Gazes from the other tables in the dimly lit hall flickered in our direction as we stood and deposited our trays down the chute in the concrete wall. We left the brittle murmurs of conversation behind, slipping through the oak slab of a door and into the chill of the gray corridor. Bulbs suspended from the ceiling lit the way as we lingered at our own pace.

Eliza unloaded the heaviest of sighs. “That stew was a bit gritty tonight, I’d say. Texture is important in food, and our phantom chef needs to study up some on what palatable texture means.”

The corner of my mouth curled up. It was easy to smile with her. “You’re only particular because I taught you to be.”

The rose petals of her lips blossomed when she laughed. “Yes, so I have every right to say such things since I’ve been properly taught.”

“Not quite properly.”

“Oh, semantics.” She dismissed me with a wave of her hand. “You’re a much more attractive boy when you’re without them. The girls should tell you that more often—or the boys, of course.”

My cheeks burned. She danced away into the dank hallway of bunker compartments, each little room sealed by a sliding door of oak. Air did not pass through here. Every breath was stale, tasted like old sweat and bile. At the end of the hallway stood the looming Doors That Never Opened, plated with steel, with Chamber rules elegantly carved into its flesh, a gasp of aestheticism in a gray world.

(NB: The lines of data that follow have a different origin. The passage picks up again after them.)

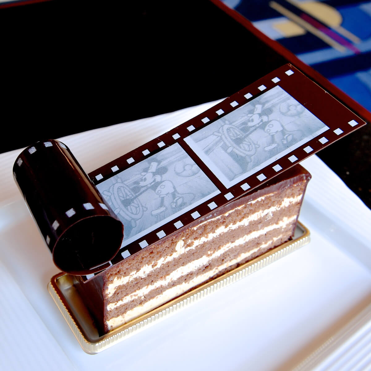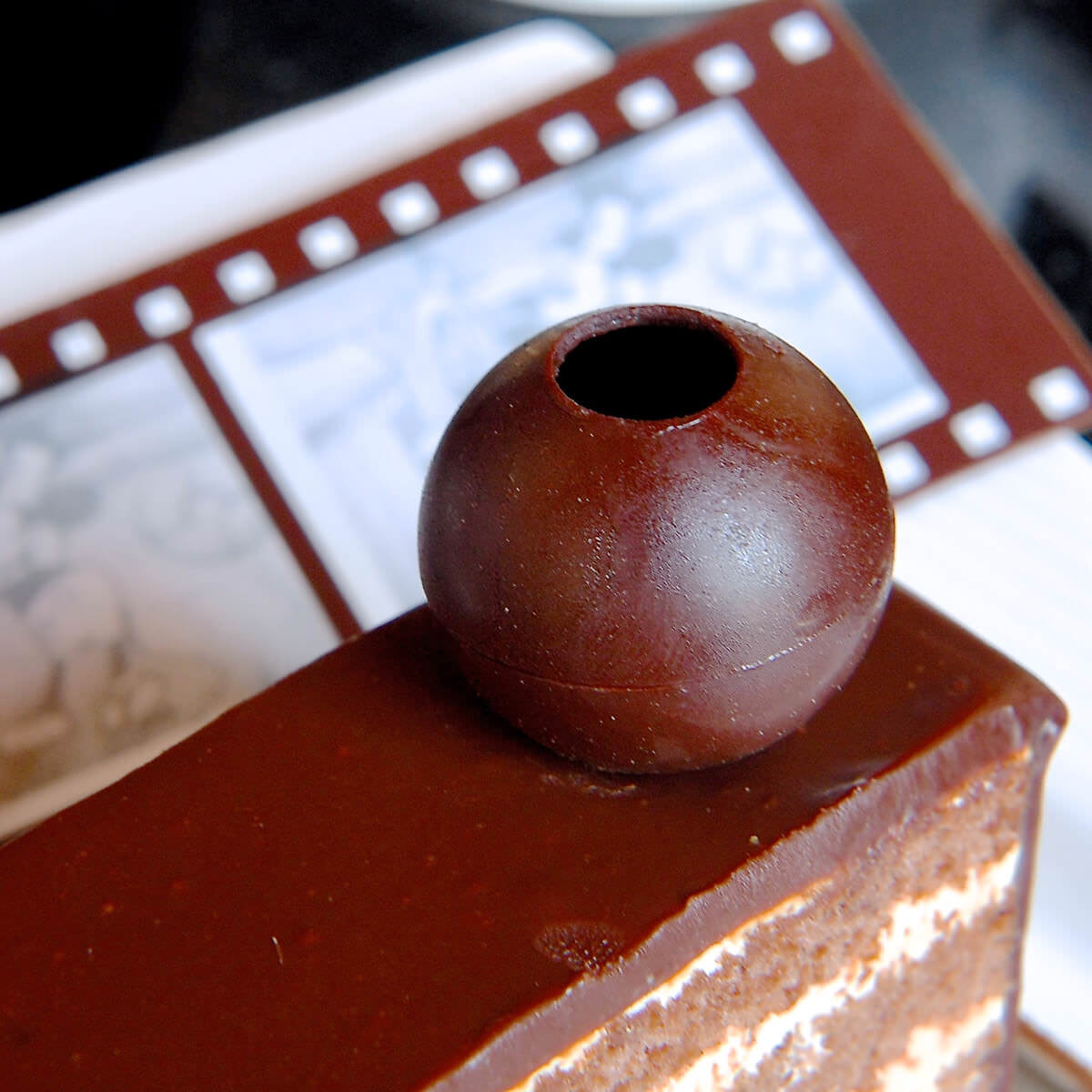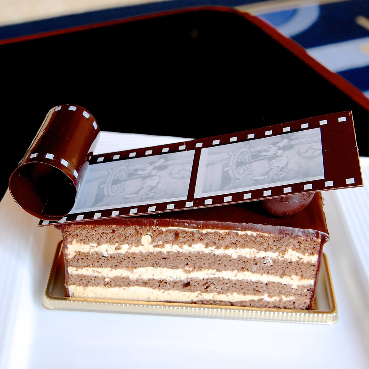 映画のフィルムをモチーフにしたチョコレート細工がトッピングされたおしゃれなケーキです。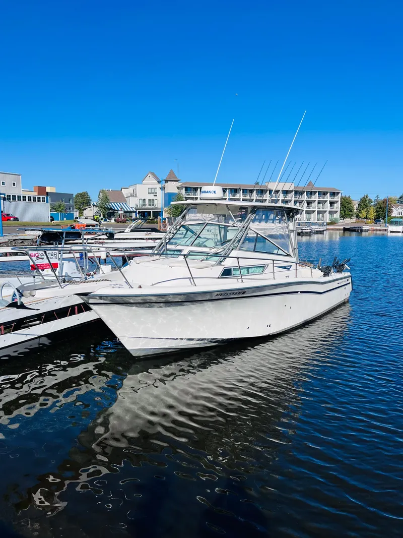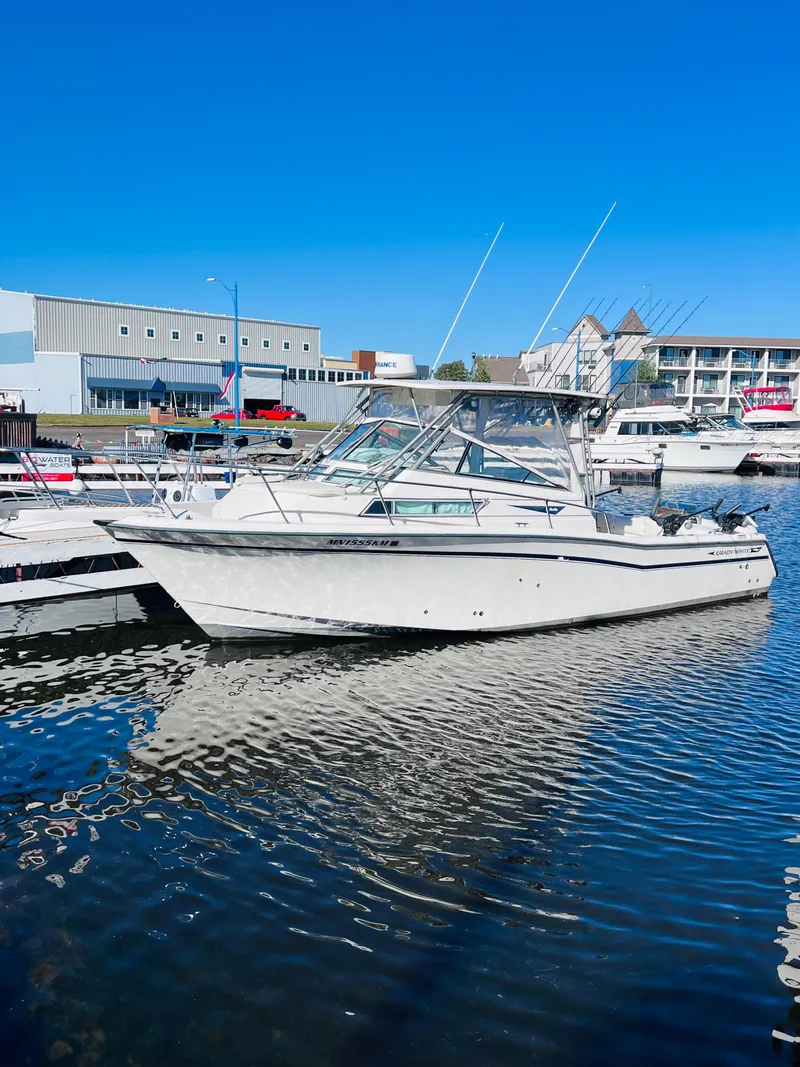 The Grady-White 280 Marlin has the largest walkaround in the Grady-White fleet with a spacious cabin and a well-arranged cockpit layout. Hull construction is solid fiberglass, and the Marlin's deep-V hull was specifically designed by Hunt & Associates. The below deck cavities are filled with polyurethane flotation, which makes the Marlin unsinkable which is an uncommon feature in a boat this size. With her walkaround deck layout and big cockpit, the interior dimensions are necessarily limited but hardly confining. Indeed, there are comfortable berths for four (including a big quarter berth that extends below the bridgedeck), plus a stand-up head compartment with shower, excellent headroom, and a compact galley. There is an engine bracket platform with transom door and swim ladder, fish box, 30-gallon livewell, and tackle center.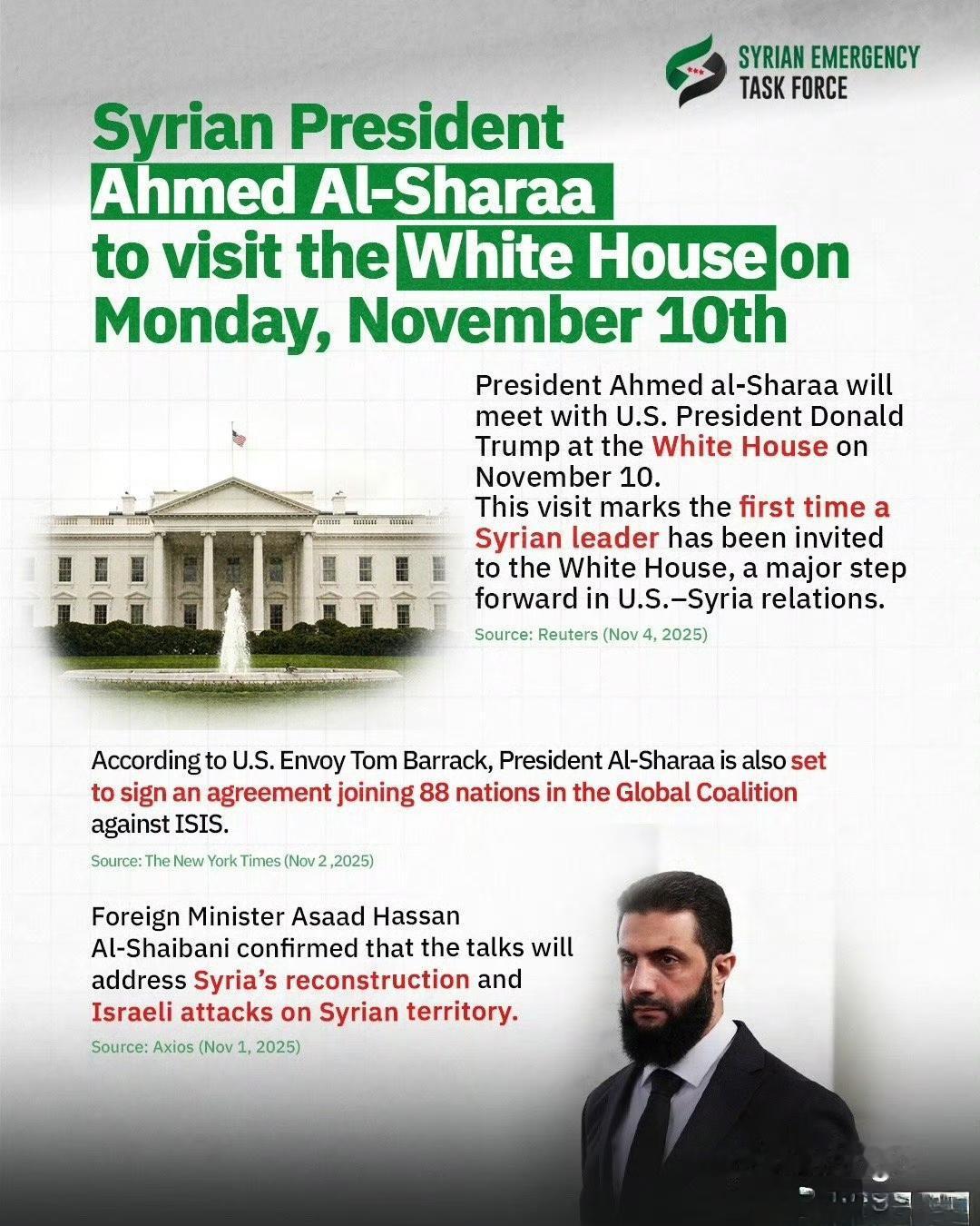 叙利亚总统沙拉(朱拉尼)已经到达美国,受到热烈欢迎,白宫外一群叙利亚裔聚集庆祝。截止目前,沙拉已经与美国国会外交委、国际货币基金组织、中央司令部会谈完成,马上准备会见特朗普。 叙利亚预计会加入由美国主导的反ISIS联盟。朱拉尼出身基地组织,反ISIS,很合理。 顺便辟个谣: 第一,中国从来没有在安理会否决过涉及沙拉(朱拉尼)的议案。 第二,十二年前将朱拉尼列入恐怖分子名单的联合国议案,是英美两国联手提交的,安理会一致表决通过。前几天移出名单的议案,是美国单独提交的,中国弃权。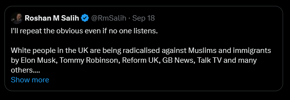 This is true. White people in the UK are being radicalised against Muslims.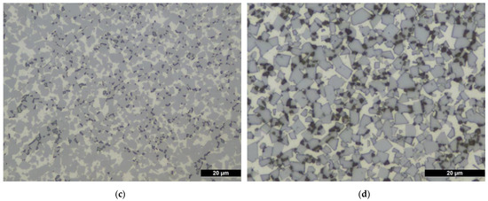 Cr addition, keeping the content of the main component of the metallic binder constant, progressively increases the hardness (Figure 5a), always exhibiting a parabolic dependence [4,35]. The Ni-base grades obey a similar behaviour, highlighting a continuous increase in hardness with the increase of the Cr addition, even if the specific increment seems to be smaller. Furthermore, Ni-base grades show hardness values that are significantly lower than those of Co-base ones. The abrasion results of the investigated grades—complied in Figure 5b—are coherent with the expected correlation with hardness values (Figure 5a): the amount of removed mass in each sample is inversely proportional to the hardness value. The same behaviour was also found for Ni-base grades, opening up the possibility of optimizing the choice of the most performing grade for applications where abrasion–corrosion conditions have to be faced. Figure 6 shows the results of the grain-size evaluation by the linear-intercept method. In spite of a quite large distribution, the mean values of grain size are consistent with a direct relationship with hardness and abrasion resistance. The hardening effect of the metallic binder alloy, resulting from Cr dissolution, cannot be definitively pinpointed on the basis of the available data alone and would require micro- or nano-indentation measurements on the phase. Nevertheless, one can notice that, as expected, in spite of the lower hardness, the mean WC grain size values of Ni-base grades are comparable to those of the Co-base ones with the same binder content. This result suggests that the Ni-base binder exhibits a lower hardness. As shown in Figure 7, in the 20 m% Co-base composition, Cr-additions to the binder which are larger than 5 m% cause the precipitation of free-C (Figure 7a, addition of 8 m% Cr). Moreover, for still higher Cr additions, both free-C and sub-micron Cr carbides (Figure 7b–d) are found, that, according to [25,36], should be M7C3. This result is also in agreement with calculations reported in [36]. The free-C precipitation could be caused by C availability from Cr3C2. The addition of 0.8 m% Cr as Cr3C2 in a 20 m% Co grade, assuming that Cr is fully solubilized, means about 0.25 m% free-C availability over the whole composite. In Ni-base compositions, free-C precipitates appear with 8 and 10 m% Cr (Figure 8a), while Cr-carbides appear in the case of 12 and 15 m% Cr additions (Figure 8b), as shown by EDS (Figure 8c).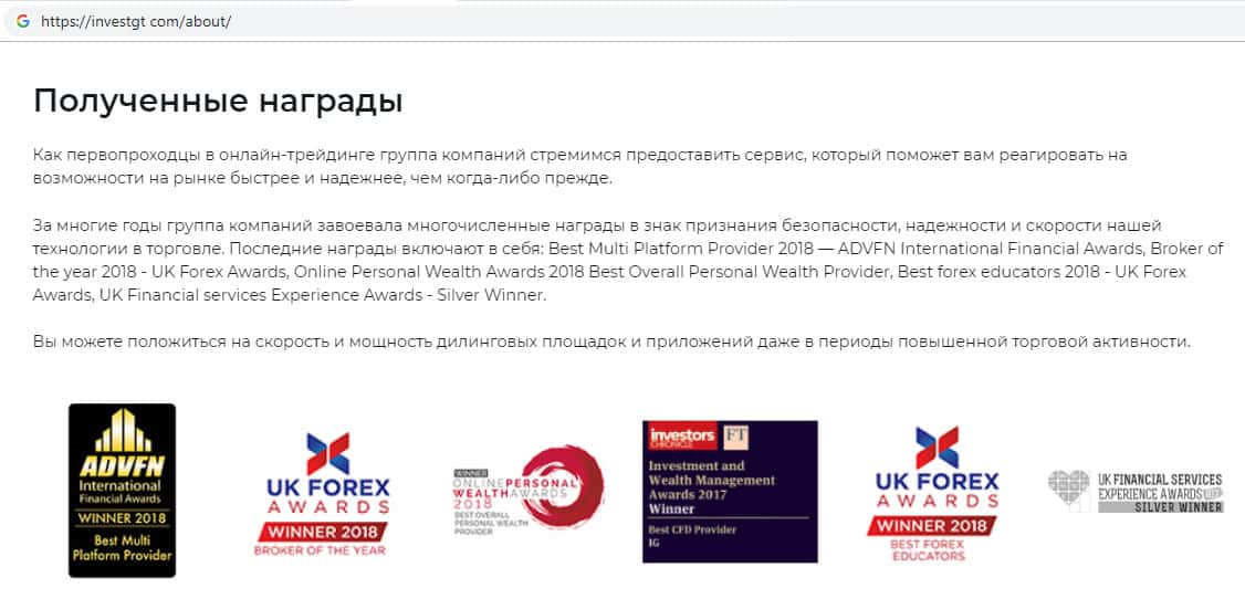 - На сайте скам-организации InvestGT имеются изображения якобы наград компании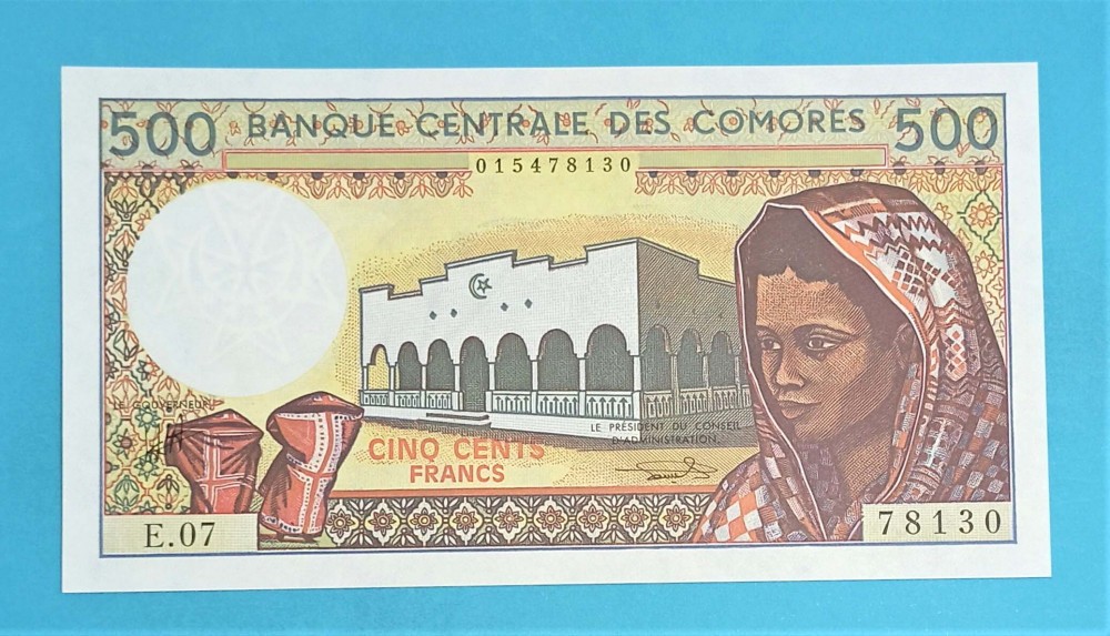 Bancnotă Insulele Comore (pick 10) 500 Francs 1984 UNC serie: E.07 78130 ; faţă: Cladire din Matsamudu, Femeie; verso: Femei cu fructe, plaja din Moheli ; material: hârtie; dimensiuni: 140x75 mm;

The last rule never failed to catch my eye.

‘Do Not Fail.’

One of the bulbs flickered behind us. Eliza pressed her hand against the wood of our door and whisked it open. The single compartment was made for only one body to occupy, what with there being only a single cot attached to the wall, raised up from the unforgiving cold of the concrete floor. But, it hadn’t been so difficult for us to rip out the bolts of a cot from the wall of another compartment to set down on the floor.

And that was all the space we had.

Now that we were out of earshot, she let loose a groan. “Everyone’s so miserable tonight.” She plopped down on the edge of her cot, her dark hair a wild animal swooping across her shoulders. “Spending all day dreading what might happen at night isn’t the way it should be done. Poor attitudes are infectious, after all.”

I collapsed onto my own cot and reached under hers for our sack of uniforms. “I couldn’t blame them.”

“No…and I suppose I shouldn’t be so harsh. It’s just so tiresome—no, I don’t want to see that, put it back away.”